The photo, re-tweeted more than 2,000 times, got the attention of Paris Mayor Anne Hidalgo, who had the obstacle removed two days later:

Paris: an anti-homeless barrier removed thanks to a tweet

A small victory for Page, who has been relating the daily lives of homeless people in Paris for more than two years, “the good stuff with the shit stuff”:

Hi all ?
I'm #SDF [no fixed abode] but I'm also a human being and full citizen. With duties, I grant you, but with rights too?

I have the right to protest about situations which disgust me ?

It's our form of liberty???

Have a great day ???

No official homelessness figures in France

On 21 February 2018, First Deputy Mayor of Paris Bruno Julliard unveiled the results of a previously unpublished census of rough sleepers in Paris, carried out from 15 to 16 February.
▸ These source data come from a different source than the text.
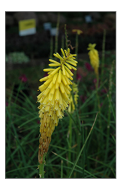
Echo Yellow Torchlily flowers

An outstanding re-blooming variety with elegant yellow blooms, creating an unusual border or container planting; makes a great cutflower and attracts hummingbirds
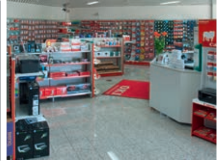
Indoor air quality
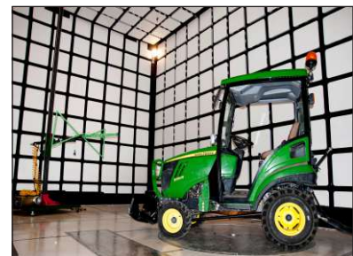
EMI/EMC Semi-Anechoic Testing Chamber
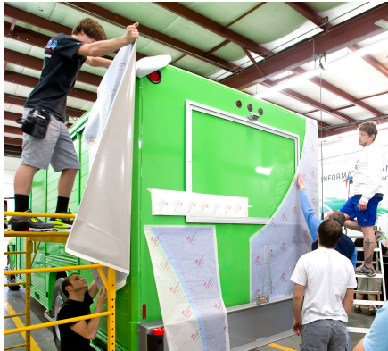
A Mickey truck body gets "wrapped" by a McKenzie installer.
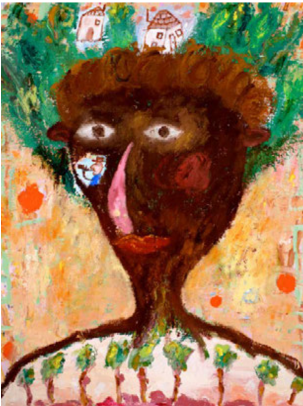
Out in the landscape , 2019 Oil on canvas, 150x120cm. $8,500
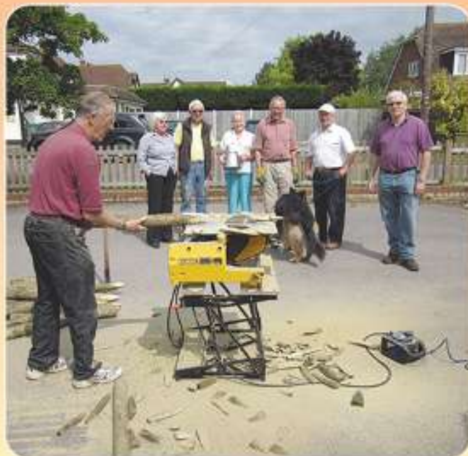
Working Party Village Hall

During the Night of Solidarity, organized by social and voluntary workers, there were nearly 3,000 people categorized as homeless, despite the particularly icy temperatures for a February.

While a “Big Cold” plan has been adopted by the French authorities in 68 local government areas, the debate over housing rights and the situation of the homeless in French cities has raged across social networks. Perhaps at last an opportunity has opened up for citizens to demand that the local and national political powers adopt serious measures for the admission and rehabilitation of and solidarity with homeless people in France.